### SOURCE DATA
──────
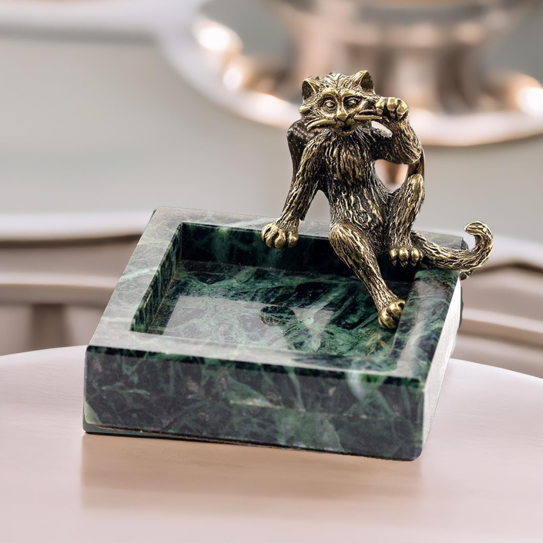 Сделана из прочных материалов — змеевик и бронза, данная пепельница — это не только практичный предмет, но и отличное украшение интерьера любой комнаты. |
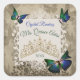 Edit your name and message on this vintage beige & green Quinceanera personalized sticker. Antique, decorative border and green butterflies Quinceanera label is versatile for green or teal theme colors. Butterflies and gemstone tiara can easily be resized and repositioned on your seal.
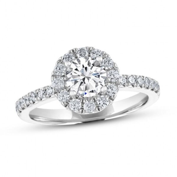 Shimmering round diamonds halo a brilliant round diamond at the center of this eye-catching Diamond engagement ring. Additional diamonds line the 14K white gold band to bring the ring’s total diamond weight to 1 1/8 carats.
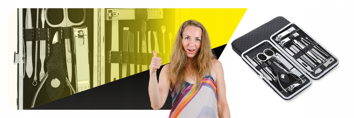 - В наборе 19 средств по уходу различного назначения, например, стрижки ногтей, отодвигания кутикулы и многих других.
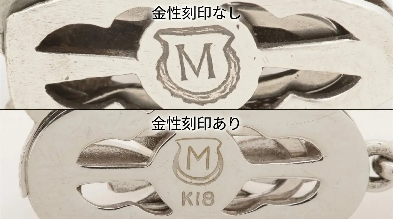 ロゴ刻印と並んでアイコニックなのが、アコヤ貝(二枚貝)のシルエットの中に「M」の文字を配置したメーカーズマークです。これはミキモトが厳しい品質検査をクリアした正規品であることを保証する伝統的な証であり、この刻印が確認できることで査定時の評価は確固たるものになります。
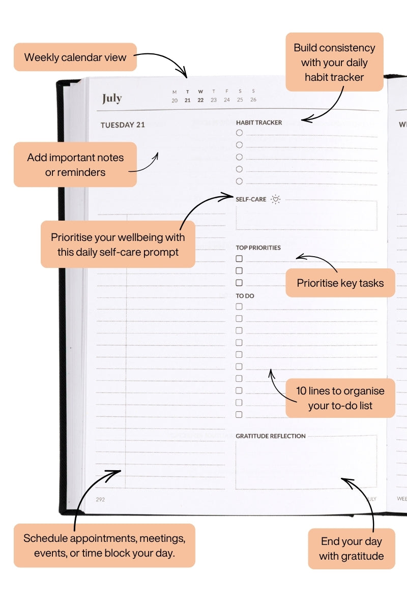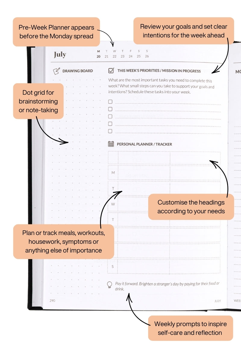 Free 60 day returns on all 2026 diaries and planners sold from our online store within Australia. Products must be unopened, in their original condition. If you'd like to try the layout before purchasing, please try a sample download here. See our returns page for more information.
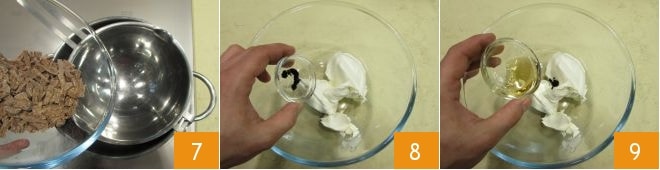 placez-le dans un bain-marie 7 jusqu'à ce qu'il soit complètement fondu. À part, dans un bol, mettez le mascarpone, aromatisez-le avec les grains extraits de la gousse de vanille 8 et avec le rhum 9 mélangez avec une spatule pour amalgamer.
──────
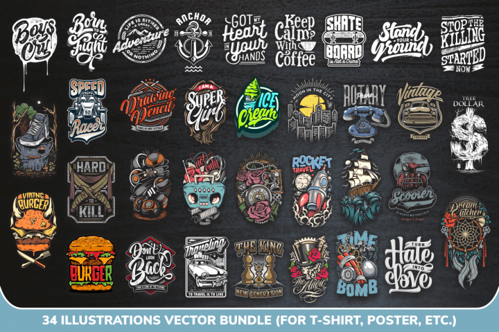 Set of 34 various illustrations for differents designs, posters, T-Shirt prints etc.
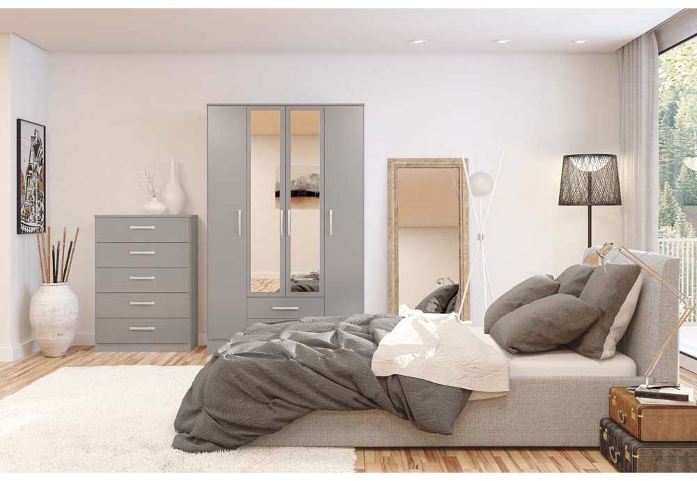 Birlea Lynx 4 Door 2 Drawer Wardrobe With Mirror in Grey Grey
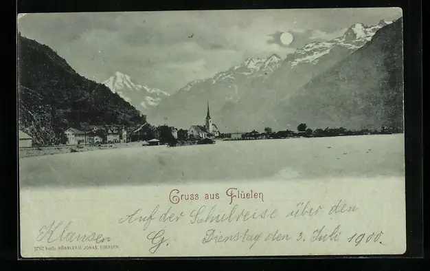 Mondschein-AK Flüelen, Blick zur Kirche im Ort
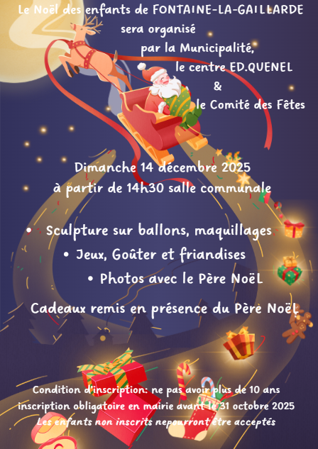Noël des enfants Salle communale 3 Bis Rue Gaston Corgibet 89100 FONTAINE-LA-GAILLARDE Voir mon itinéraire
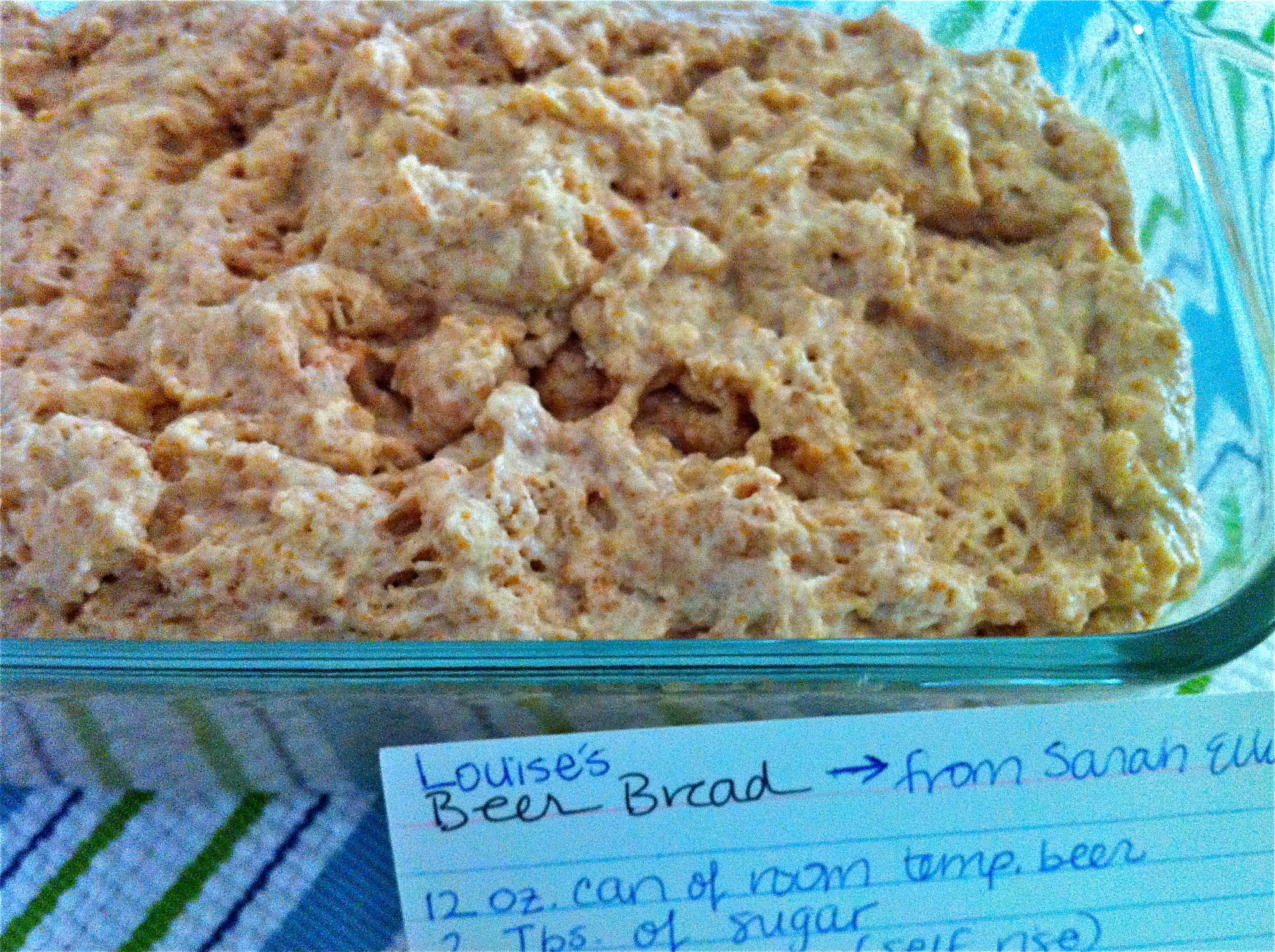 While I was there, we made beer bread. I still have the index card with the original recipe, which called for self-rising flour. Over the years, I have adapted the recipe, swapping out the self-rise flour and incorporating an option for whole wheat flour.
──────
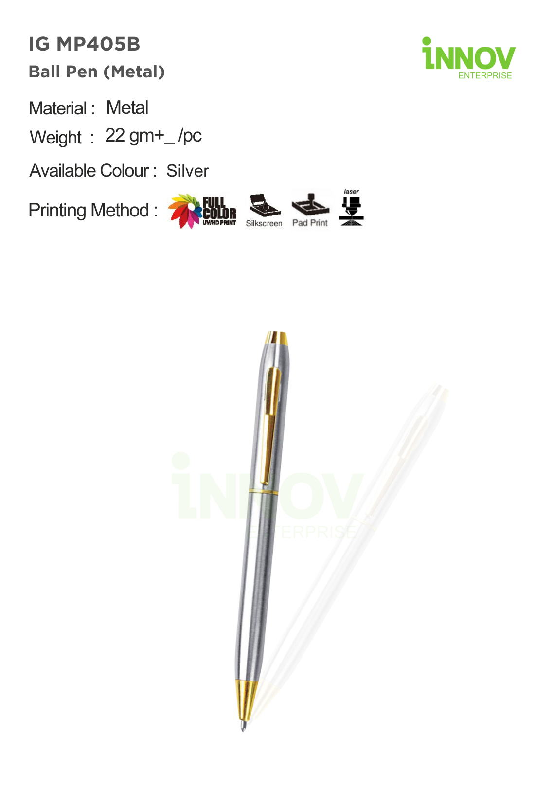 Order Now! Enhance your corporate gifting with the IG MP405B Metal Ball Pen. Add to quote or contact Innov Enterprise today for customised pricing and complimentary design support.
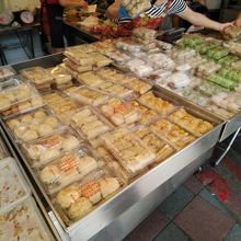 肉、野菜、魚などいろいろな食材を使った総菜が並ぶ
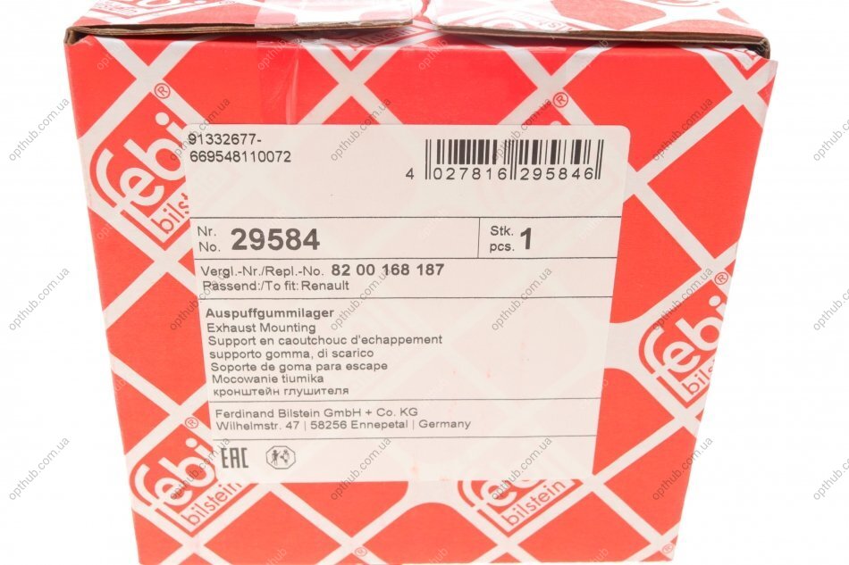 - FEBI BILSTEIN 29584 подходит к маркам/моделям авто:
──────
### YOUR OBJECTIVE
Precisely those lines above that run from the line with "Order Now! Enhance" up to and including the line with "- FEBI BILSTEIN" are to be set down, with the pictures omitted.

### OUTPUT FOR THIS EXERCISE
 Order Now! Enhance your corporate gifting with the IG MP405B Metal Ball Pen. Add to quote or contact Innov Enterprise today for customised pricing and complimentary design support.
 肉、野菜、魚などいろいろな食材を使った総菜が並ぶ
 - FEBI BILSTEIN 29584 подходит к маркам/моделям авто:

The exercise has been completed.